*Aim of the task:* The needed output is the run of lines below from the one containing "7月16日下午,湯圩村小學的" through the one containing "商品説明 | 【一度履いたら手放せない快適さ】足裏のナチュラルな曲面にぴったり寄り沿う♪「フット快カラー", copied exactly and free of pictures.

*** Opening Data extracts ***

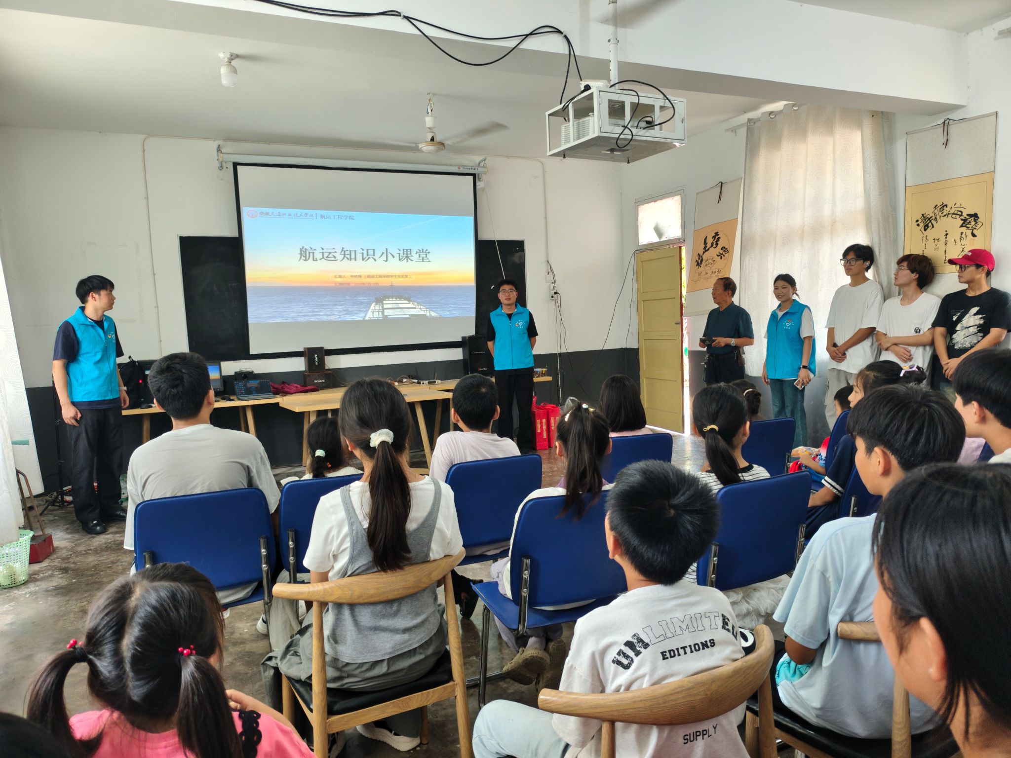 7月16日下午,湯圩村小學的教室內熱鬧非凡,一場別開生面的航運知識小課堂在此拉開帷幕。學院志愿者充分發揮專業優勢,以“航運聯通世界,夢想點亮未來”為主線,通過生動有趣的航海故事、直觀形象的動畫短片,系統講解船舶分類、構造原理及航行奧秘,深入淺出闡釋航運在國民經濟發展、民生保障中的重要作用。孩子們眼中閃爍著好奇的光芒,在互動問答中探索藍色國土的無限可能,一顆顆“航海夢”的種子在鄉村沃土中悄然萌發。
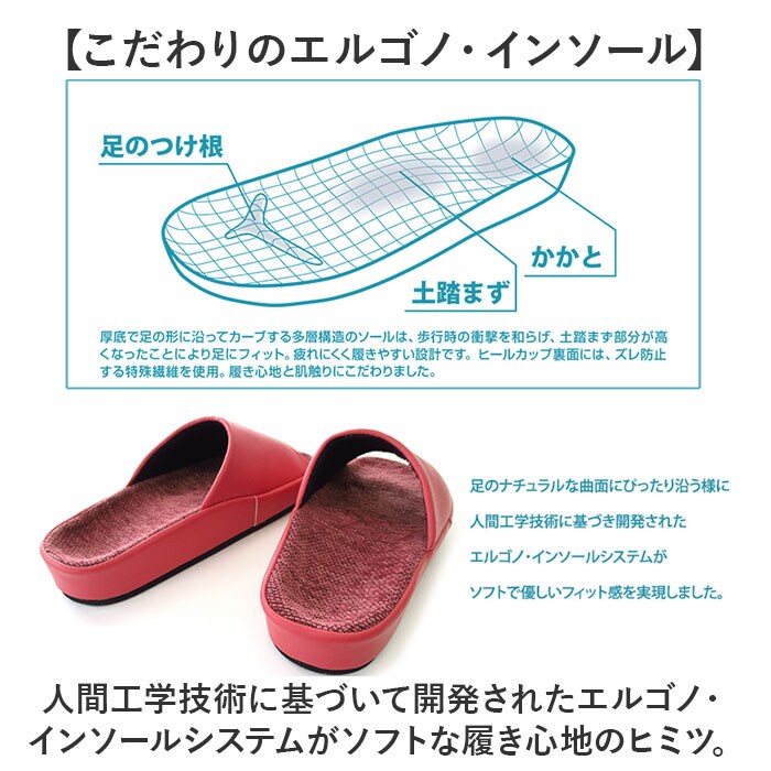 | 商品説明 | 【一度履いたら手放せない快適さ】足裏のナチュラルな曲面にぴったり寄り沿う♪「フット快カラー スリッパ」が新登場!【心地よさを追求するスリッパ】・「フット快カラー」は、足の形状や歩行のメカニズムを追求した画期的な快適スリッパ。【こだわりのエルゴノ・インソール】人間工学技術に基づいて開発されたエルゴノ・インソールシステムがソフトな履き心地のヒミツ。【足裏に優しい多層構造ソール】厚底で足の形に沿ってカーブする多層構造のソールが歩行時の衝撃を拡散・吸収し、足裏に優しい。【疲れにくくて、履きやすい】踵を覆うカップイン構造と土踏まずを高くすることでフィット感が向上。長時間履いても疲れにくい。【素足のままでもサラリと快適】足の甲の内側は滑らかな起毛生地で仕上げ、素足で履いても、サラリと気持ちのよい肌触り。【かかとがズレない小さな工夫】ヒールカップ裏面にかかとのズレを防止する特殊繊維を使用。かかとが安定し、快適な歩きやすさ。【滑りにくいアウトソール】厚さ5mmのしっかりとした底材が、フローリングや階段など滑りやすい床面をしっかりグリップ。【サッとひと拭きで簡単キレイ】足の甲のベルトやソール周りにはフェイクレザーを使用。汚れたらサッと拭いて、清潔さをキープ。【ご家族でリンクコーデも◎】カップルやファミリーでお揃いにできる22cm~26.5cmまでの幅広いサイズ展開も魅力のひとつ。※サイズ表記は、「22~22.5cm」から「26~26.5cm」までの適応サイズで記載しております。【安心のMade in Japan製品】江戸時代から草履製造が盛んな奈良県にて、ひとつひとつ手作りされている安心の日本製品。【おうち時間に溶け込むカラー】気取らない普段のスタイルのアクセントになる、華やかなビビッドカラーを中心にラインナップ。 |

*** Closing Data extracts ***
*** Opening Data extracts ***

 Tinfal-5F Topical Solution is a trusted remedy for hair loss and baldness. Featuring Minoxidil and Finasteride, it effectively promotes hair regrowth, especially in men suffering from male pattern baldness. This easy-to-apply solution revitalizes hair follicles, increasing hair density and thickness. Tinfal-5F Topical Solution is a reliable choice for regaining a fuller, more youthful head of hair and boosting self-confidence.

*** Closing Data extracts ***
*** Opening Data extracts ***

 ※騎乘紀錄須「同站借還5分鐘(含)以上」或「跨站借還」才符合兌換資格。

*** Closing Data extracts ***

*Exercise result:*
 7月16日下午,湯圩村小學的教室內熱鬧非凡,一場別開生面的航運知識小課堂在此拉開帷幕。學院志愿者充分發揮專業優勢,以“航運聯通世界,夢想點亮未來”為主線,通過生動有趣的航海故事、直觀形象的動畫短片,系統講解船舶分類、構造原理及航行奧秘,深入淺出闡釋航運在國民經濟發展、民生保障中的重要作用。孩子們眼中閃爍著好奇的光芒,在互動問答中探索藍色國土的無限可能,一顆顆“航海夢”的種子在鄉村沃土中悄然萌發。
 | 商品説明 | 【一度履いたら手放せない快適さ】足裏のナチュラルな曲面にぴったり寄り沿う♪「フット快カラー スリッパ」が新登場!【心地よさを追求するスリッパ】・「フット快カラー」は、足の形状や歩行のメカニズムを追求した画期的な快適スリッパ。【こだわりのエルゴノ・インソール】人間工学技術に基づいて開発されたエルゴノ・インソールシステムがソフトな履き心地のヒミツ。【足裏に優しい多層構造ソール】厚底で足の形に沿ってカーブする多層構造のソールが歩行時の衝撃を拡散・吸収し、足裏に優しい。【疲れにくくて、履きやすい】踵を覆うカップイン構造と土踏まずを高くすることでフィット感が向上。長時間履いても疲れにくい。【素足のままでもサラリと快適】足の甲の内側は滑らかな起毛生地で仕上げ、素足で履いても、サラリと気持ちのよい肌触り。【かかとがズレない小さな工夫】ヒールカップ裏面にかかとのズレを防止する特殊繊維を使用。かかとが安定し、快適な歩きやすさ。【滑りにくいアウトソール】厚さ5mmのしっかりとした底材が、フローリングや階段など滑りやすい床面をしっかりグリップ。【サッとひと拭きで簡単キレイ】足の甲のベルトやソール周りにはフェイクレザーを使用。汚れたらサッと拭いて、清潔さをキープ。【ご家族でリンクコーデも◎】カップルやファミリーでお揃いにできる22cm~26.5cmまでの幅広いサイズ展開も魅力のひとつ。※サイズ表記は、「22~22.5cm」から「26~26.5cm」までの適応サイズで記載しております。【安心のMade in Japan製品】江戸時代から草履製造が盛んな奈良県にて、ひとつひとつ手作りされている安心の日本製品。【おうち時間に溶け込むカラー】気取らない普段のスタイルのアクセントになる、華やかなビビッドカラーを中心にラインナップ。 |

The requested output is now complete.